Problem statement – Give again, character for character, the lines that lie between the first line of the material and the line with "처음엔 간단한 패턴만", inclusive. Omit pictures.

Raw data –
━━━━━━━━

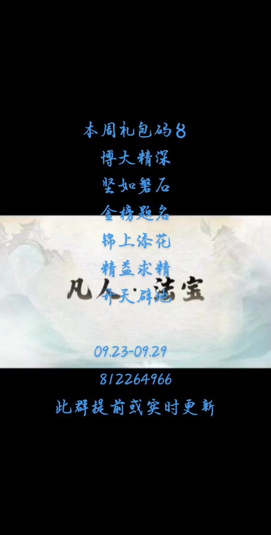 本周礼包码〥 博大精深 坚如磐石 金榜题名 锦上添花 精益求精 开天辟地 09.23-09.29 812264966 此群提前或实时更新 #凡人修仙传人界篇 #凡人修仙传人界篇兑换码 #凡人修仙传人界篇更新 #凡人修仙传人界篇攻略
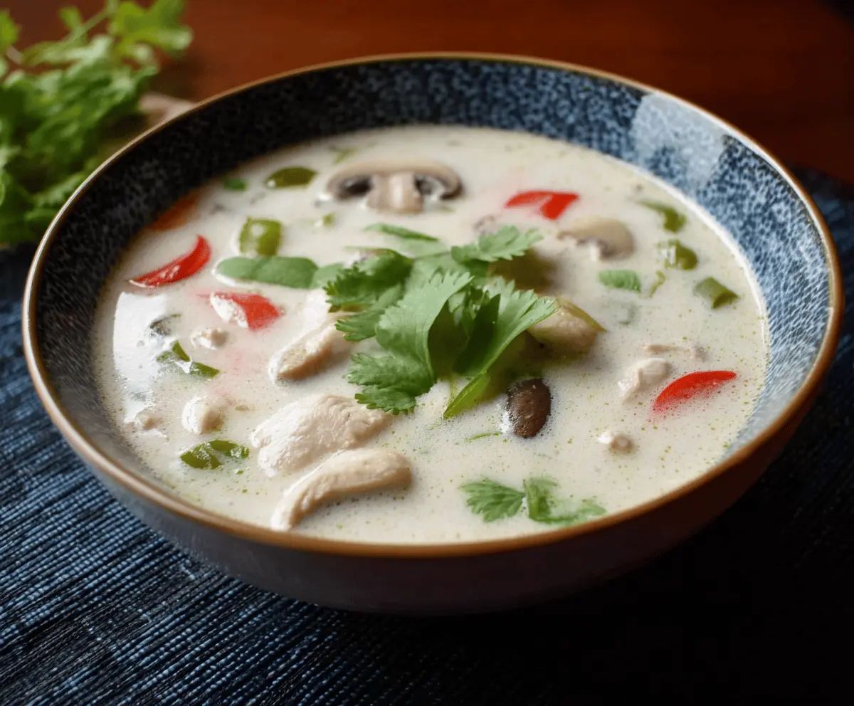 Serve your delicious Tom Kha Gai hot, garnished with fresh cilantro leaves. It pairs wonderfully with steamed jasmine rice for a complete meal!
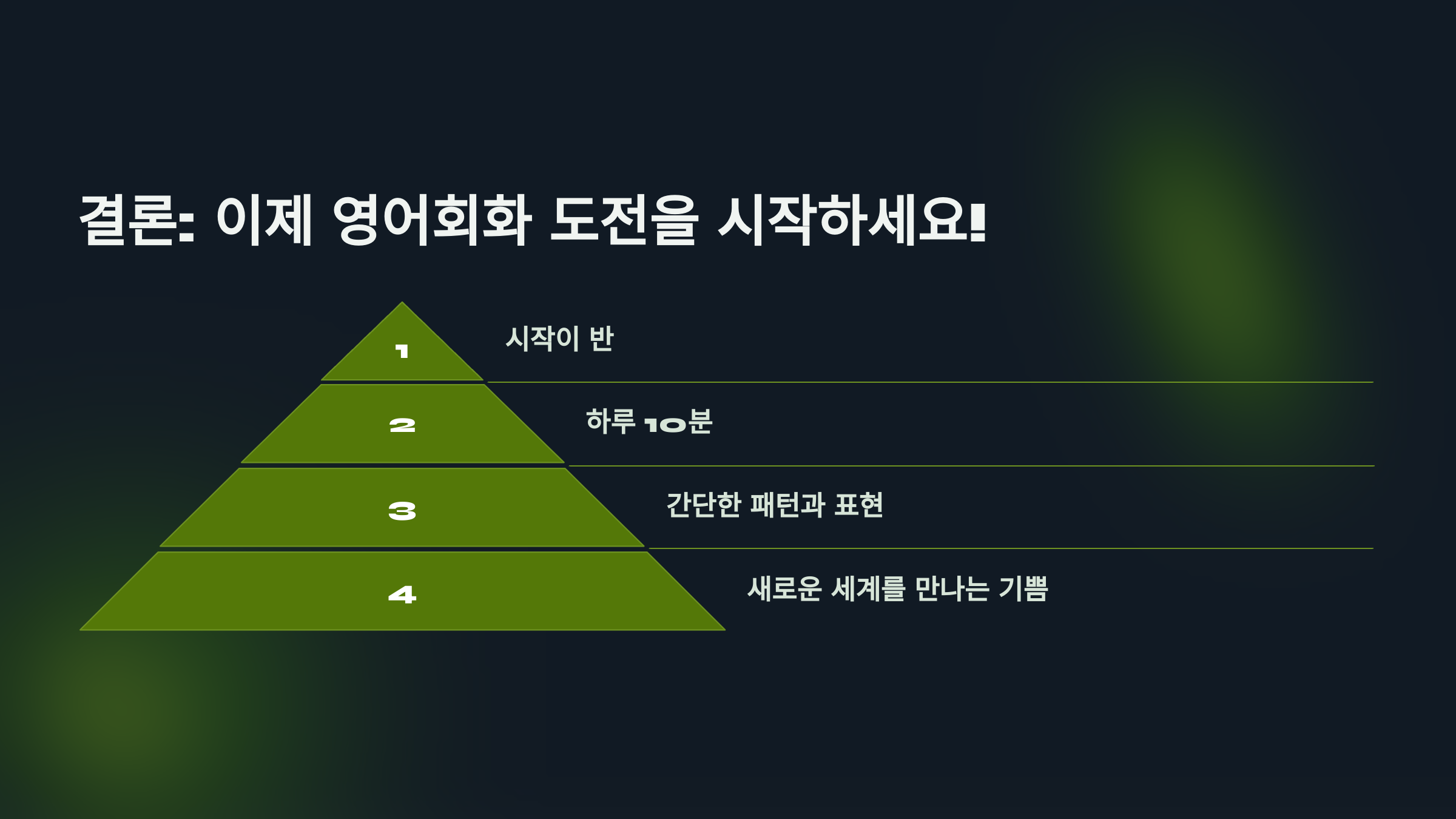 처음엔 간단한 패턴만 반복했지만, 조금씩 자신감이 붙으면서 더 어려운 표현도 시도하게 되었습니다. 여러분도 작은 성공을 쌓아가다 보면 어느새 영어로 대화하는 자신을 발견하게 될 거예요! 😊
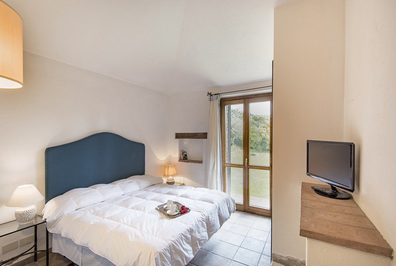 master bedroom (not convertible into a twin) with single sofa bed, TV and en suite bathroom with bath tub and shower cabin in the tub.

━━━━━━━━

Answer to this task –
 本周礼包码〥 博大精深 坚如磐石 金榜题名 锦上添花 精益求精 开天辟地 09.23-09.29 812264966 此群提前或实时更新 #凡人修仙传人界篇 #凡人修仙传人界篇兑换码 #凡人修仙传人界篇更新 #凡人修仙传人界篇攻略
 Serve your delicious Tom Kha Gai hot, garnished with fresh cilantro leaves. It pairs wonderfully with steamed jasmine rice for a complete meal!
 처음엔 간단한 패턴만 반복했지만, 조금씩 자신감이 붙으면서 더 어려운 표현도 시도하게 되었습니다. 여러분도 작은 성공을 쌓아가다 보면 어느새 영어로 대화하는 자신을 발견하게 될 거예요! 😊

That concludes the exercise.